• Task details: All of the data is to be printed exactly, though the images must be left off.

[Saved entries]

%%

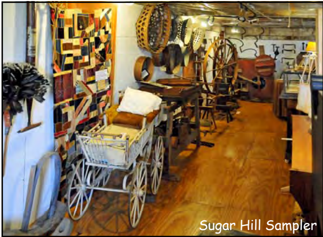
Sugar Hill Sampler
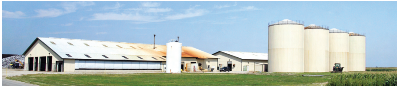
A Fair Oaks Farms digester similar to the one housed by the building in this photo is used to produce methane to fuel the 42 tractors in the fleet. Methane is released during the anaerobic treatment of cow manure, collected, and scrubbed to remove CO2 and hydrogen sulfide. The end result is fuel-quality methane.
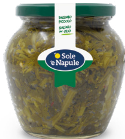
Friariello Napoletano Vetro 520g Friarielli Neapolitan broccoli in oil 520g
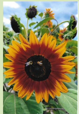
Class E- Garden Images 1st- Karen Mattan
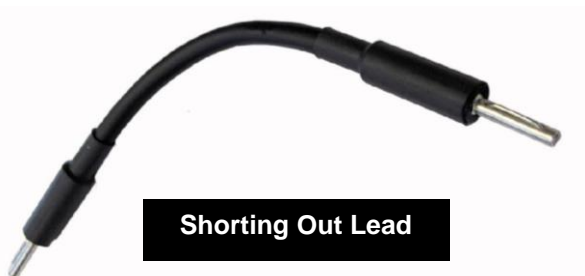
Shorting Out Lead
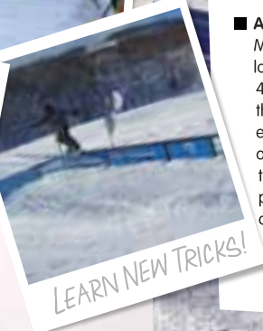
LEARN NEW TRICKS!

PIC: SNOWBOARD COACH PETE LONG HITTING THE BACKCOUNTRY BOOTER
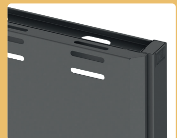
Vented rear and top sections allow for airflow to and from tiles.
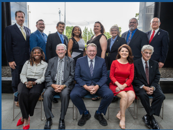
Board of Commissioners
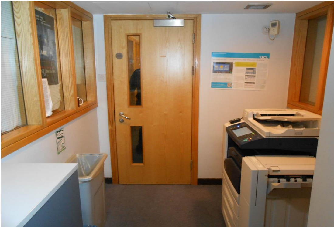
1669 Room 2.3

%%

• Result:
Sugar Hill Sampler
A Fair Oaks Farms digester similar to the one housed by the building in this photo is used to produce methane to fuel the 42 tractors in the fleet. Methane is released during the anaerobic treatment of cow manure, collected, and scrubbed to remove CO2 and hydrogen sulfide. The end result is fuel-quality methane.
Friariello Napoletano Vetro 520g Friarielli Neapolitan broccoli in oil 520g
Class E- Garden Images 1st- Karen Mattan
Shorting Out Lead
LEARN NEW TRICKS!

PIC: SNOWBOARD COACH PETE LONG HITTING THE BACKCOUNTRY BOOTER
Vented rear and top sections allow for airflow to and from tiles.
Board of Commissioners
1669 Room 2.3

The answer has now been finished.